(PACE 2009; 32:1123-1129) “
“Biochemical markers of bone tur

(PACE 2009; 32:1123-1129).”
“Biochemical markers of bone turnover have been shown to be useful as inexpensive and noninvasive tools for monitoring skeletal health. The reference range for bone markers in dogs has been set by different age groups. However, other sources of biological variations were not fully investigated in dogs. To explore whether sex influences the interpretation of bone marker data we examined serum bone markers in 33 male JPH203 clinical trial and 25 female dogs. The bone markers selected for this study were: bone alkaline phosphatase (BALP) and osteocalcin

(OC) as indicators of bone formation, and C-terminal telopeptide (CTx) of type I collagen as marker of bone resorption. All concentrations of bone markers were lower, but still within the reference range reported for dogs. We found statistically significant differences of the median OC and CTx serum

concentrations between males and this website females. The results of this study suggest that there are sex differences in biochemical markers of bone turnover in dogs which should be considered in interpretation of bone marker data. (C) 2012 Elsevier Ltd. All rights reserved.”
“Study Design. A clinicopathologic study of synovial cysts in the ligamentum flavum (LF) in patients with spinal stenosis.
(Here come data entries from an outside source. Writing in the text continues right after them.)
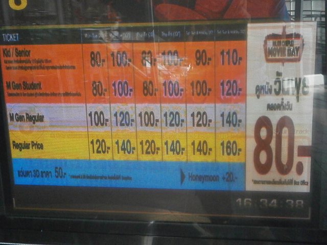 平日昼間なら一人100バーツくらいから。映画デーなら80バーツなんてことも。
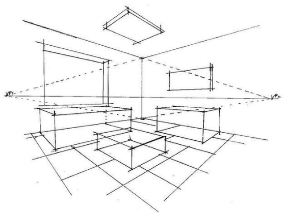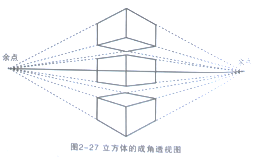 成角透视 (两点透视): 物体的上、下两个面与地面平行,观者能够看到的面与画面成一定角度时,所产生的透视现象。立方体的任何一个面都产生了缩形现象,失去了正方形的形状。立方体中与画面呈一定角度的两组线分别向左右两个方向汇集,消失在视平线上的两个余点。
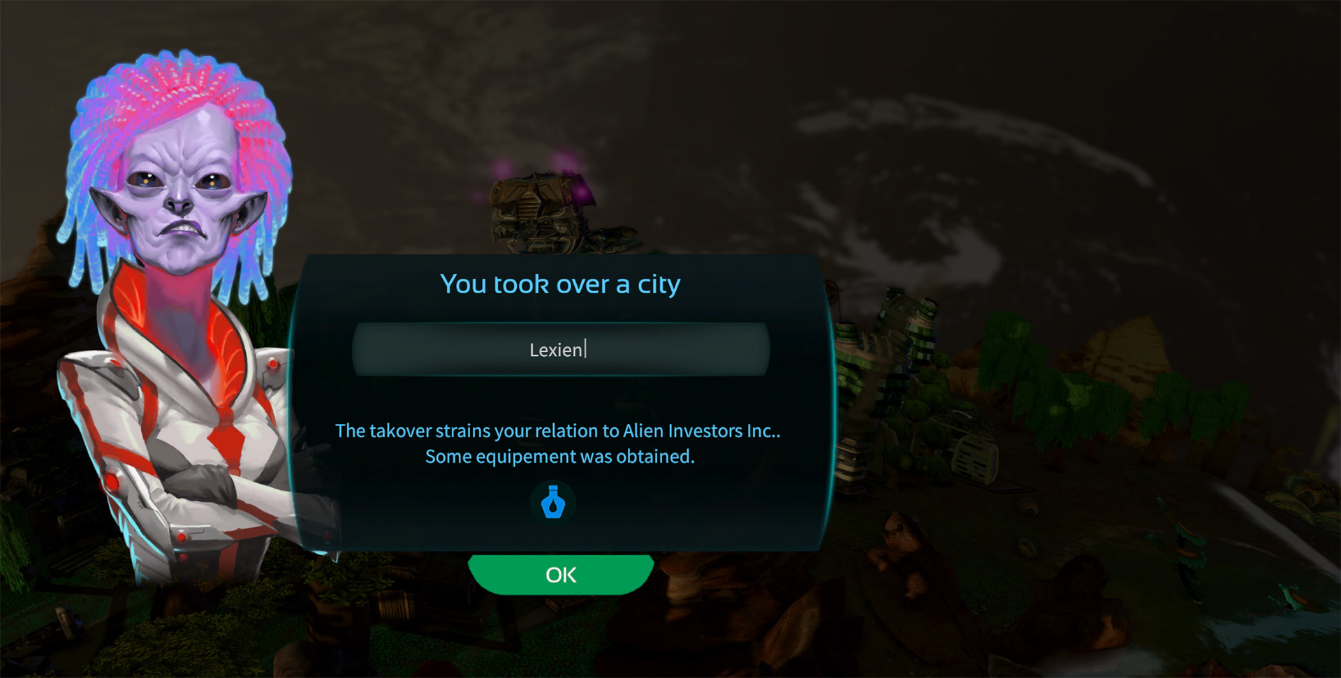 We built a large popup that solemnly announces that you have successfully taken over a city. And also indicates if you have captured equipment in the process, which means you have taken certain items from the enemy.

Objective. To investigate the pathogenesis of lumbar juxtafacet cysts.

Summary of Background Data. Contradictions in the terminology applied to lumbar juxtafacet cysts arise from the frequent sparsity of synovial lining cells, which has led to synovial cysts often being called “”ganglion cysts”" despite lacking confirmatory pathology.

Methods. Dihydrotestosterone A total of 27 consecutive patients with radiologically confirmed stenosis underwent laminectomy. LF/facet joint (FJ) relationships were retained by en bloc excision of the LF and the medial inferior FJ. Controls were LF/FJ specimens from 47 cadaver lumbar spines.

Results. The 27 patients yielded 51 LF/FJ specimens containing 28 synovial cysts, 12 of which

were unilateral and 8 were bilateral. Fragments of articular cartilage and bone were embedded in the walls of 89% of cysts and in the walls of a bursa-like channel originating from the medial aspect of the FJ capsule and extending into the LF. Communication with the FJ via this channel was observed in 21 (75%) of the 28 synovial cysts. Extending up to 12 mm in length, the channel was present in nearly all control spines at the L4-L5 level but in only about half at the T12-L1 level.

Conclusion. Cysts having an extensive or meagre synovial cell lining are common in the LF of patients with symptomatic lateral or central stenosis. The cysts communicate with the FJ by a bursa-type channel within the LF. Advanced osteoarthritis of the FJ causes the liberation of fragments of cartilage and bone into the synovial fluid of the joint space.